| Exercise instructions |
Retype the opening lines of the listing below, ending with the line that contains "Японский бисер TOHO", and leave out any pictures.

Information supplied Block Start

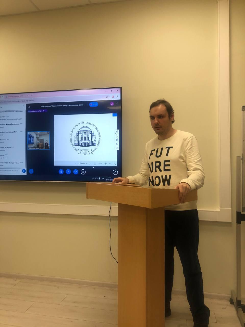 27 ноября 2025 года в МПГУ прошла Межвузовская очно-заочная научная конференция с международным участием «Современные дискурсы социологической теории и практики: социология образования». Организатором конференции выступила кафедра теоретической и специальной социологии им. М.А. Будановой ИСГО МПГУ. В качестве участников конференции – представители научно-педагогического сообщества, ведущих кафедр вузов, аспиранты и студенты. Приветственные слова в адрес конференции прозвучали от представителей Военного университета имени князя Александра Невского, Брянского государственного университета имени академика И.Г. Петровского, Московского регионального социально-экономического института (г. Видное), Московского политехнического университета, Московского физико-технологического университета и др. К конференции подключились и представители региональных вузов-партнеров, а также аспиранты и студенты из КНР и Германии. Всего в работе конференции приняло участие более 50 человек.
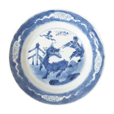 BLUE AND WHITE 'QILIN' DISH FROM THE COLLECTION OF AUGUSTUS THE STRONG (1670-1733)
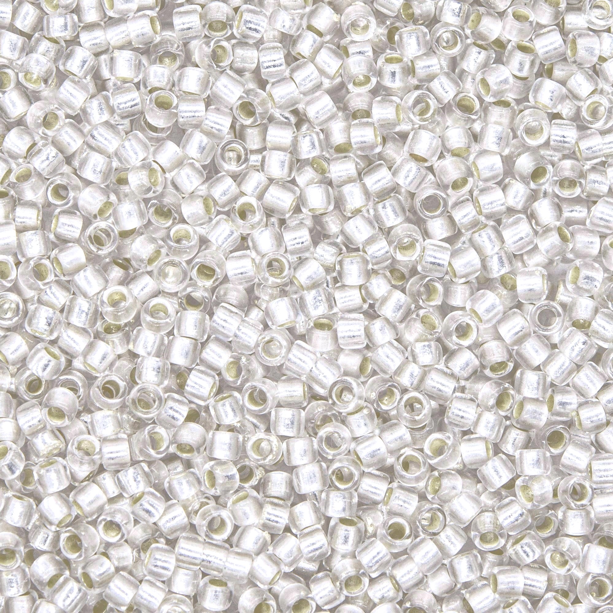Японский бисер TOHO оттенок №21F Silver-Lined Frosted Crystal (Кристалл) - с внутренним серебрением, прозрачный матовый, белый.
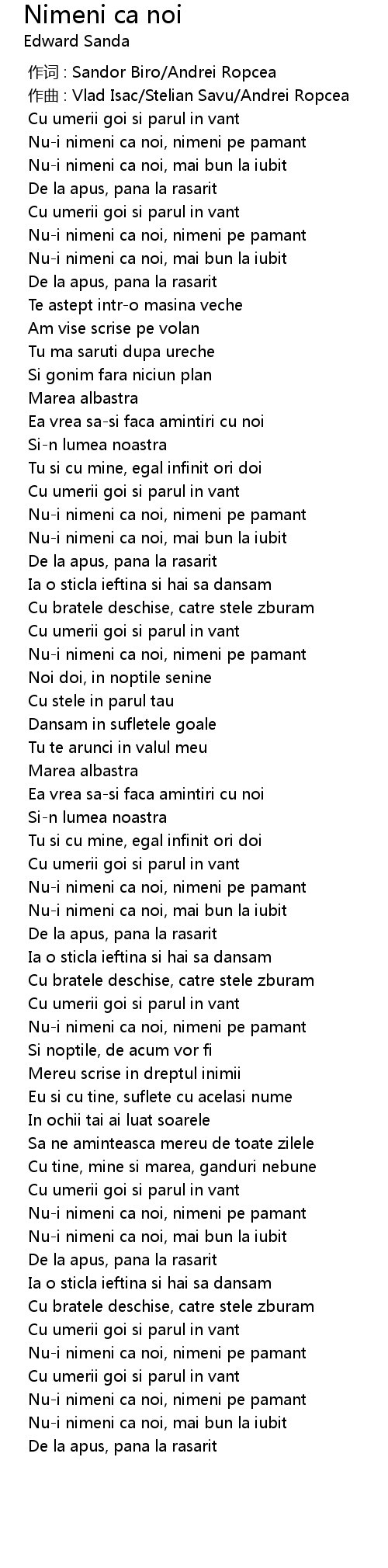 | [00:00.000] | 作词 : Sandor Biro/Andrei Ropcea |

Information supplied Block End

| Solution to the problem |
 27 ноября 2025 года в МПГУ прошла Межвузовская очно-заочная научная конференция с международным участием «Современные дискурсы социологической теории и практики: социология образования». Организатором конференции выступила кафедра теоретической и специальной социологии им. М.А. Будановой ИСГО МПГУ. В качестве участников конференции – представители научно-педагогического сообщества, ведущих кафедр вузов, аспиранты и студенты. Приветственные слова в адрес конференции прозвучали от представителей Военного университета имени князя Александра Невского, Брянского государственного университета имени академика И.Г. Петровского, Московского регионального социально-экономического института (г. Видное), Московского политехнического университета, Московского физико-технологического университета и др. К конференции подключились и представители региональных вузов-партнеров, а также аспиранты и студенты из КНР и Германии. Всего в работе конференции приняло участие более 50 человек.
 BLUE AND WHITE 'QILIN' DISH FROM THE COLLECTION OF AUGUSTUS THE STRONG (1670-1733)
Японский бисер TOHO оттенок №21F Silver-Lined Frosted Crystal (Кристалл) - с внутренним серебрением, прозрачный матовый, белый.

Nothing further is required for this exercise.